→ **Problem requirements**
What you submit must be an exact copy of the listing below, with no images in it.

→ **Available data**
=====

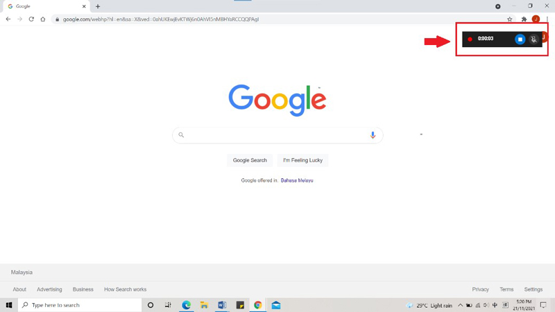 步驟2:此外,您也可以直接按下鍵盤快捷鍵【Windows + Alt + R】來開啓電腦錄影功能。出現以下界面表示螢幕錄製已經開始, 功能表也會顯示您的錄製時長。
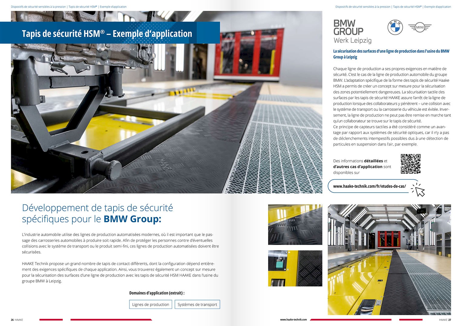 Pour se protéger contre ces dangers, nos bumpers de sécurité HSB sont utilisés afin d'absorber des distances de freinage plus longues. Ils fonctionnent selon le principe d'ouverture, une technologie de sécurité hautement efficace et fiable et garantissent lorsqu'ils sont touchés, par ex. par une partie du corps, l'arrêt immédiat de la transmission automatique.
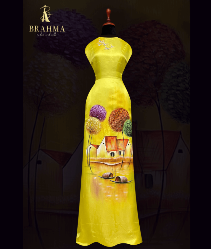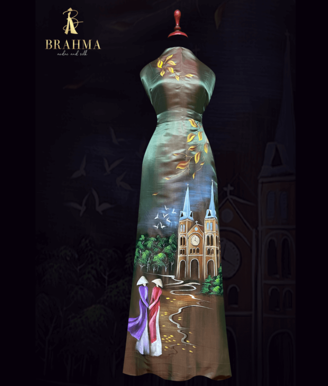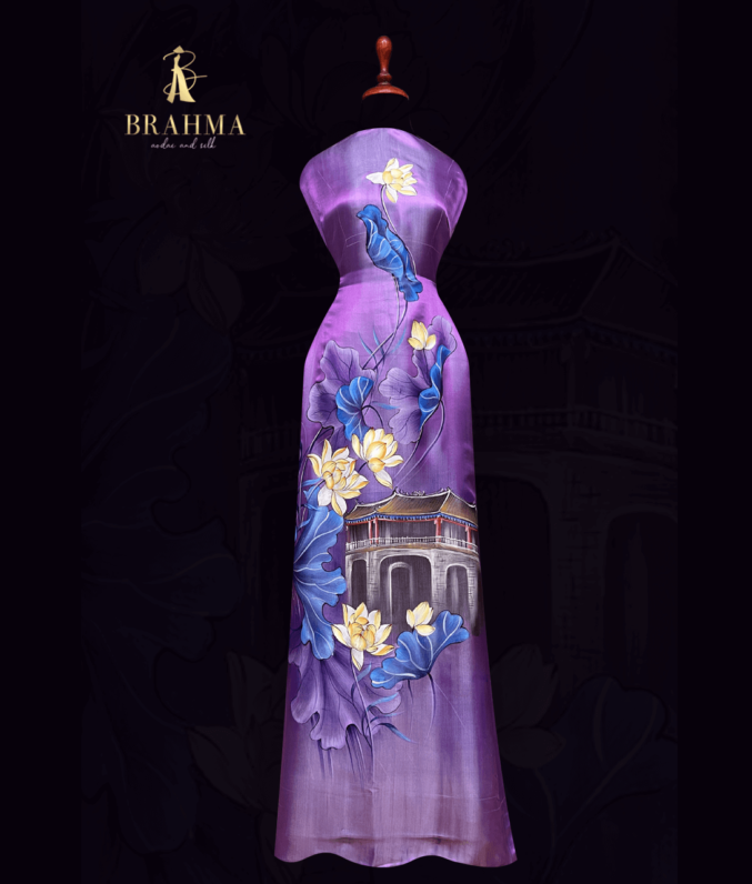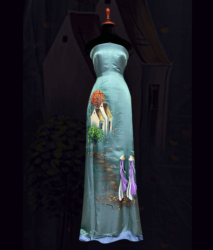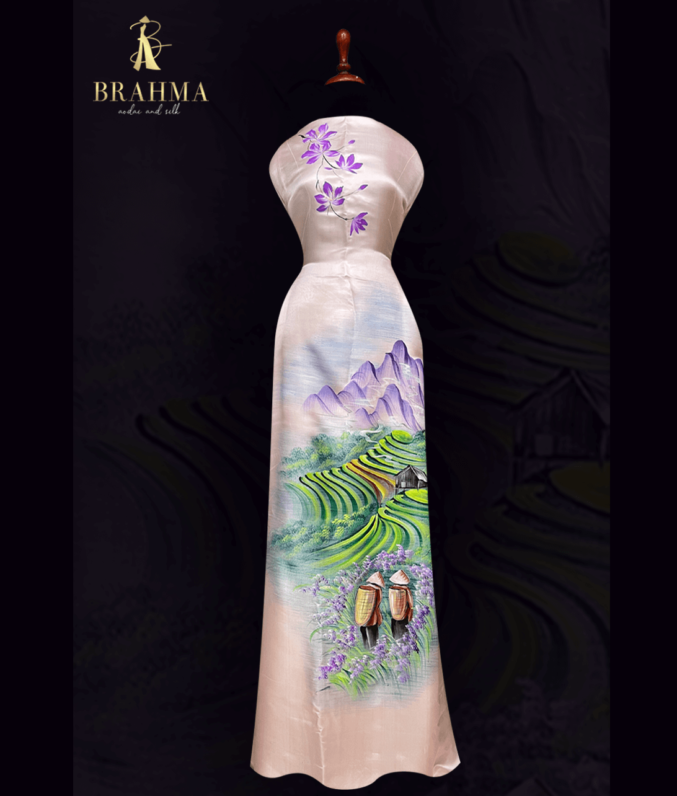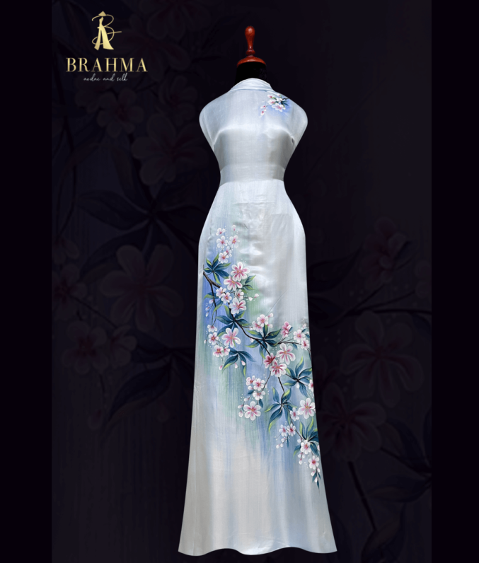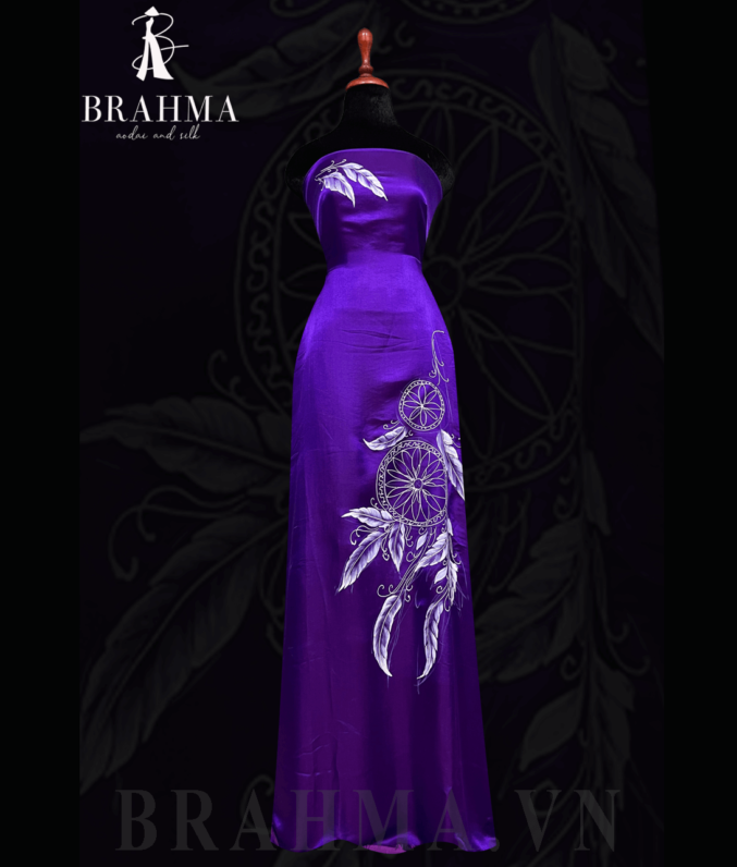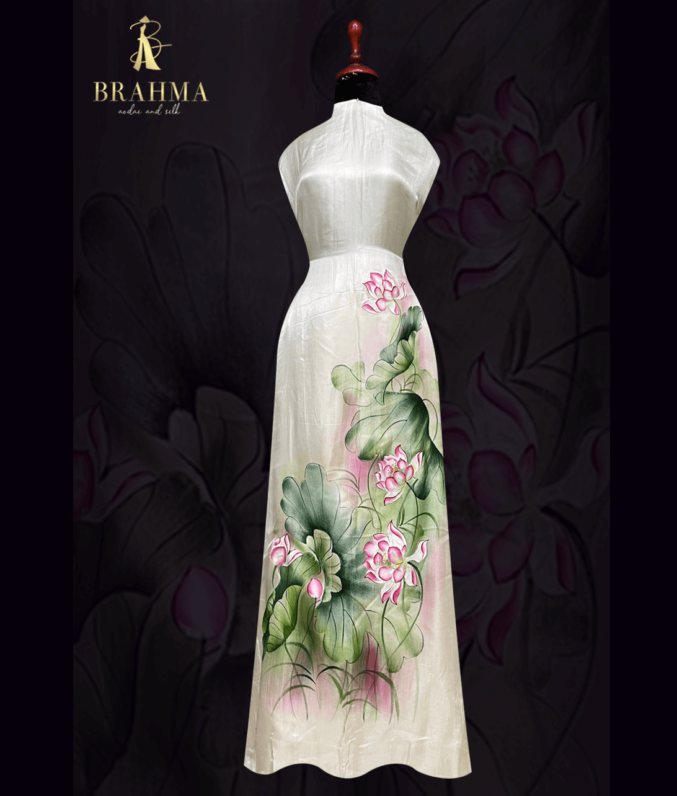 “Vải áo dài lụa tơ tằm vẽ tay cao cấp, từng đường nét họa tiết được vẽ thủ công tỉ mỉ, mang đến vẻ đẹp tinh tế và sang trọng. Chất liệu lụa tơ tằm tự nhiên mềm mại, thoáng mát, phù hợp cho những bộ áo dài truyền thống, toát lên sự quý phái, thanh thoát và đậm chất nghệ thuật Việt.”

=====

→ **Response to this exercise**
 步驟2:此外,您也可以直接按下鍵盤快捷鍵【Windows + Alt + R】來開啓電腦錄影功能。出現以下界面表示螢幕錄製已經開始, 功能表也會顯示您的錄製時長。
 Pour se protéger contre ces dangers, nos bumpers de sécurité HSB sont utilisés afin d'absorber des distances de freinage plus longues. Ils fonctionnent selon le principe d'ouverture, une technologie de sécurité hautement efficace et fiable et garantissent lorsqu'ils sont touchés, par ex. par une partie du corps, l'arrêt immédiat de la transmission automatique.
 “Vải áo dài lụa tơ tằm vẽ tay cao cấp, từng đường nét họa tiết được vẽ thủ công tỉ mỉ, mang đến vẻ đẹp tinh tế và sang trọng. Chất liệu lụa tơ tằm tự nhiên mềm mại, thoáng mát, phù hợp cho những bộ áo dài truyền thống, toát lên sự quý phái, thanh thoát và đậm chất nghệ thuật Việt.”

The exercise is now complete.